Debugging slow NVDEC h264 decoding using FFMPEG -- time is spent in avcodec_send_packet()

Hi all,

I am using NVDEC with FFMPEG to decode videos and I am seeing decoding time slower than multicore CPU decoding.

It appears that most of the time is spent in avcodec_send_packet. I captured a trace using nsys and attached is a screenshot demonstrating the issue.

The code looks like as follows:

void decodeOneFrame() {
  nvtx3::scoped_range function_range{"decodeOneFrame"};
  while (true) {
    int status = avcodec_receive_frame();
    if (status == 0) break;
    ... = av_read_frame(...);  // Read the packet from the file
    {
      nvtx3::scoped_range function_range{"avcodec_send_packet"};
      avcodec_send_packet(...);
    }
  }
}
// Do the color conversion from NV12 to RGB on the device itself using NPP.

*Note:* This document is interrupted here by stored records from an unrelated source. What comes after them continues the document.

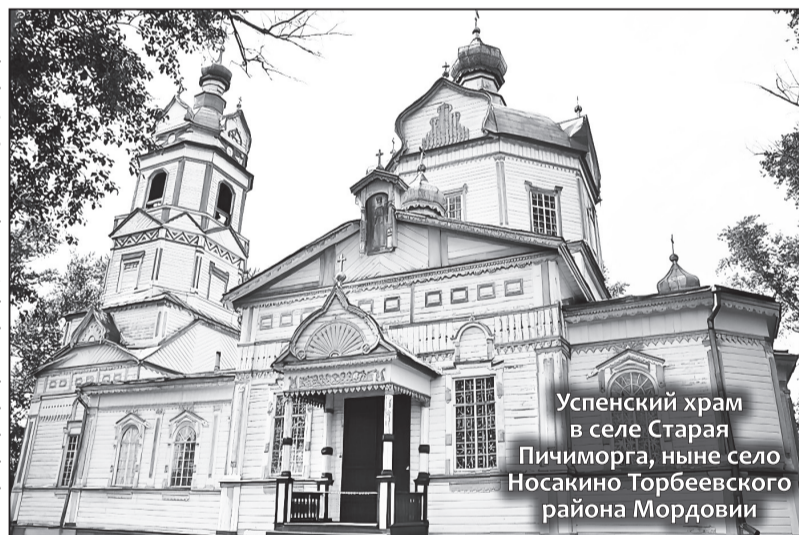
Успенский храм в селе Старая Пичиморга, ныне село Носакино Торбеевского района Мордовии

«Пели громко, прямо кричали. Напевы держались древние, протяжные, напоминали голос ветра, гулявшего по обширному Саровскому лесу».
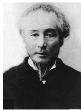
Figure 2 勝海舟
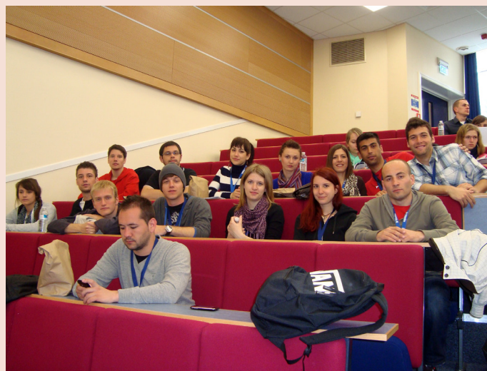
SLIKA 3. Naši studenti na predavanjima
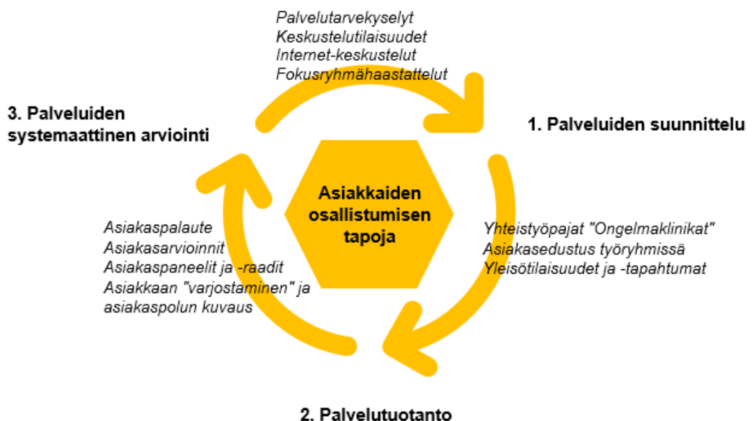
Kuva 1. Osallistumisen tavat (mukaillen Larjovuori ym. 2012, 18)

Palveluita kehitettäessä asiakkaiden näkökulma unohtuu helposti. Tällöin vaarana on jatkuva palveluiden kehittäminen ilman, että palvelut koskaan vastaavat asiakkaiden tarpeita. Asiakkaat on nostettava kehittämistoiminnan keskiöön, sillä heillä on hiljaista tietoa, jota palveluiden kehittäjillä ei välttämättä ole. (Virtanen ym. 2011, 55–58.) Asiakaslähtöisessä ajattelussa asiakas nähdään aktiivisena toimijana (Virtanen ym. 2011, 19), joka edustaa koko asiakasryhmän kokemuksia ja osallistuu yhteisten palveluiden suunnitteluun (Toikko 2012, 123). Asiakaslähtöisessä toimintamallissa palvelut suunnitellaan ja rakennetaan yhdessä asiakkaan kanssa. Asiakas on mukana koko kehittämisprosessin ajan. Tässä toimintamallissa kehittämisideat voivat tulla palvelutuottajan lisäksi myös asiakkaalta. Asiakas kokeilee yhdessä kehitettyä palvelua, minkä pohjalta saadun käyttäjäkokemuksen avulla palvelun kehittämistä voidaan jatkaa edelleen. Jotta palveluita voidaan kehittää asiakaslähtöisemmiksi, palvelun käyttäjiltä saatu palaute on huomioitava kehittämistyössä. (Virtanen ym. 2011, 37.) Lisää tapoja, joilla asiakas voidaan ottaa mukaan palveluiden kehittämisprosessiin, esitellään kuvassa 1.
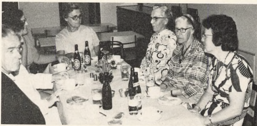
Indvielse af pavillonen

Det var med glæde, vi i august tog pavillonen i brug; desværre var institutionskøkkenet ikke helt færdigt, bl. a. på grund af leveringsvanskeligheder m. h. t. institutionskøkkenudstyr. Maskinerne er nu ankommet og indsat i køkkenet.
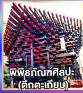
พิพิธภัณฑ์ศิลปะ: (ตึกตะเกียบ)

The profile looks like following:

For some reason avcodec_send_packet takes a long time, and only at the very end of the function do I see a call to cuvidMapVideoFrame64, ConvertNV12BLtoNV12, cuMemcpy2DAsync twice (one for Y and one for UV I am assuming), and ForEachPixelNaiveBy4 (I am assuming color conversion).

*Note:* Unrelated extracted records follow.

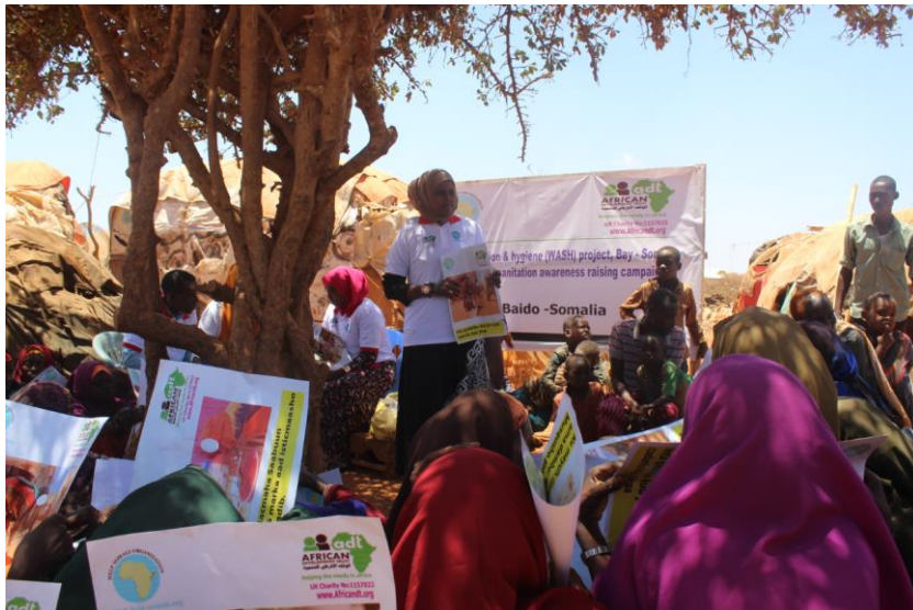
WASH Bay Südsomalia 2019; Hygieneschulung

first-hand, dedicated, interconnected Help-Somali.org
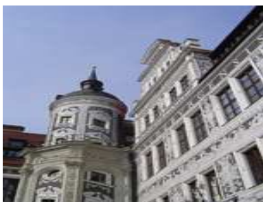
Dresde - Château de la Résidence
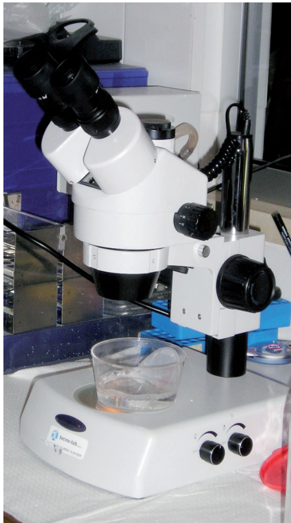
Stereomicroscopio con filtro durante la fase di ricerca dell'embrione. Stereomicroscope and filter during the embryo search

Another good reason for shipping embryos to a recipient herd facility is because most of donor mare owners prefer to rent a recipient from reproduction
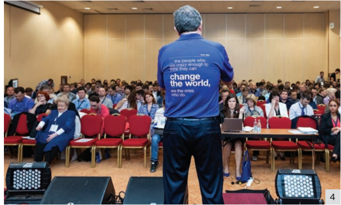
Рис. 4. Начало второго дня научной программы симпозиума

тейль был больше похож на вечеринку у друзей, нежели на официальное мероприятие!
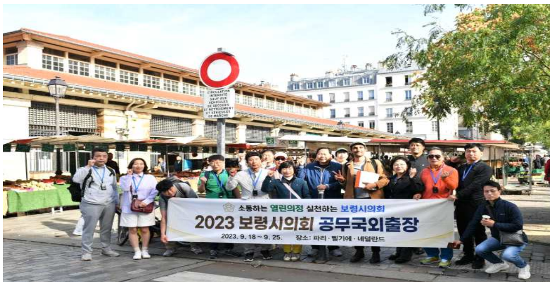
▲ 알레그레 시장 정문 앞에서

All these functions take a fraction of time compared to avcodec_send_packet. Why is that the case? I also don’t see any interesting memory copy or kernel on the GPU timeline during 90% of the time of avcodec_send_packet(). Only the last 10% of avcodec_send_packet() actually does device memcopies and runs device kernels. How do I make this faster?

Note that I am profiling with:

nsys profile --trace nvvideo,cuda,nvtx

Am I missing something? How do I make this video decoder go faster? What is the cuvid h264 codec doing in the first 90% of avcodec_send_packet()?

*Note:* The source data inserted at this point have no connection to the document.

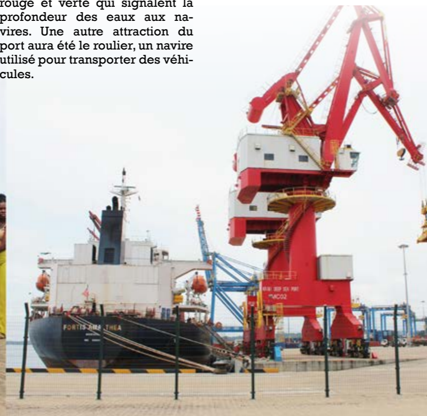
Un agent du port explique son fonctionnement
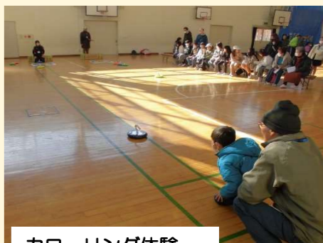
カローリング体験
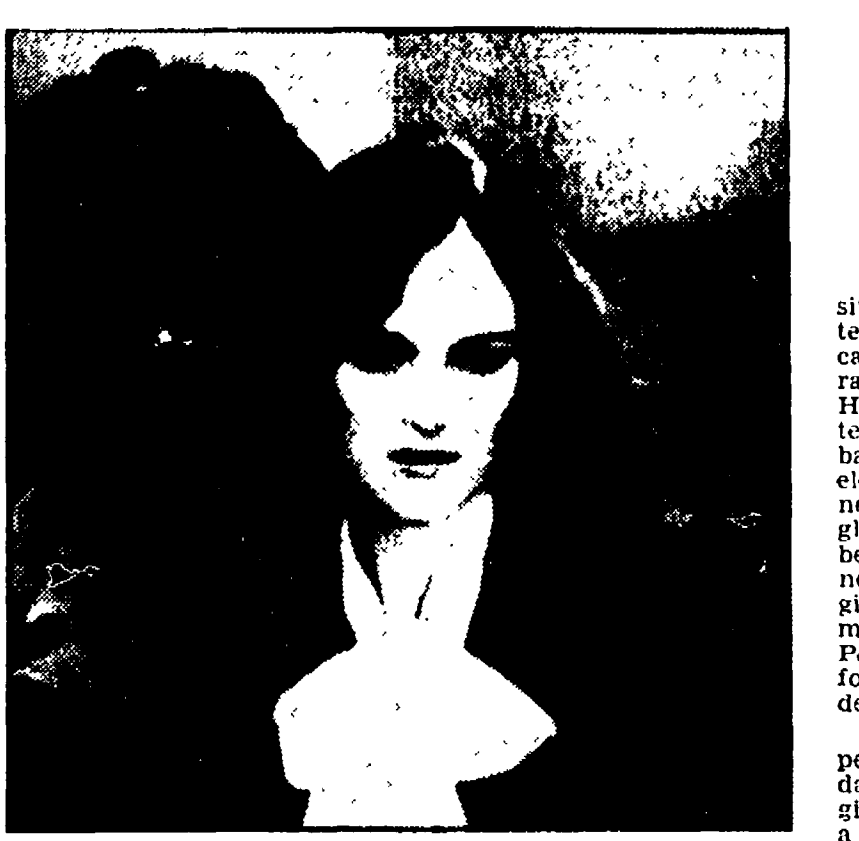
Pat' Hearst davanti ai giudici
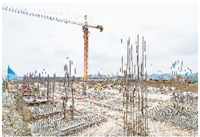
郸城县正星粉业有限公司年加工40万吨小麦面粉、6万吨谷朊粉项目
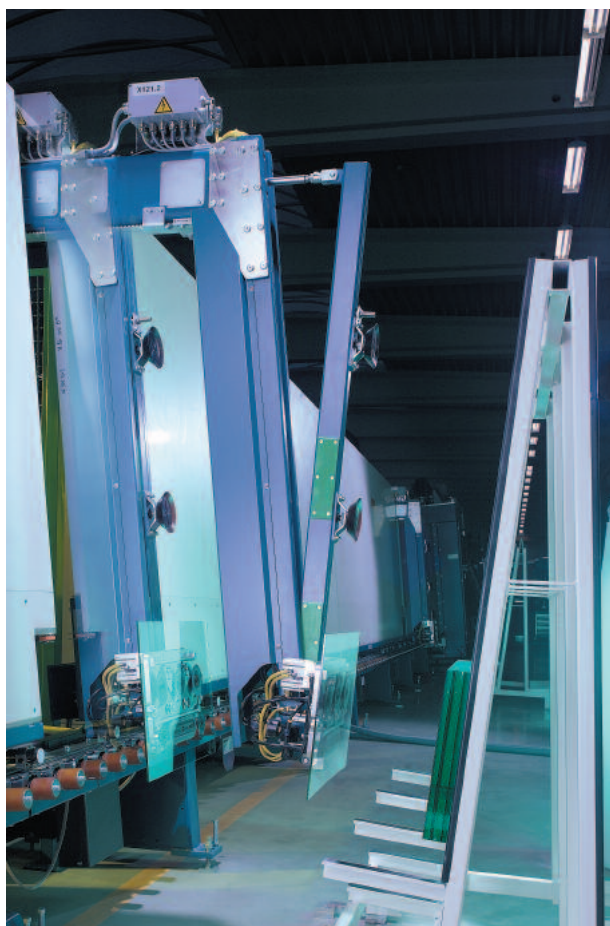
Séparation fiable dû à une mécanique spéciale
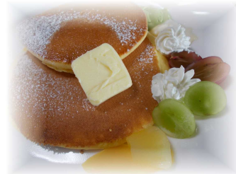
ふわっふわにできました♪

EDIT: It appears I can’t see any H2D memcpy’s even though I can see D2D memcpy’s and memsets. Maybe the “whitespace” in avcodec_send_packet is due to H2D transfers but they are not captured by the profiler?

Are you joking? It is parsing the SEI, SPS, PPS, transforming the stream to ANNEX B, as legacy (well, still not deprecared) h264_cuvid require ANNEX B.

Try this: ffmpeg -i file.mp4 -c copy file.h264

Thank you for the reply @val.zapod.vz

My question was actually specific to the large amount of idle time that I see inside avcodec_send_packet where seemingly no work is done on the CPU or GPU (including memcopies). This could be an artifact of profiling itself, or perhaps I am doing something wrong here.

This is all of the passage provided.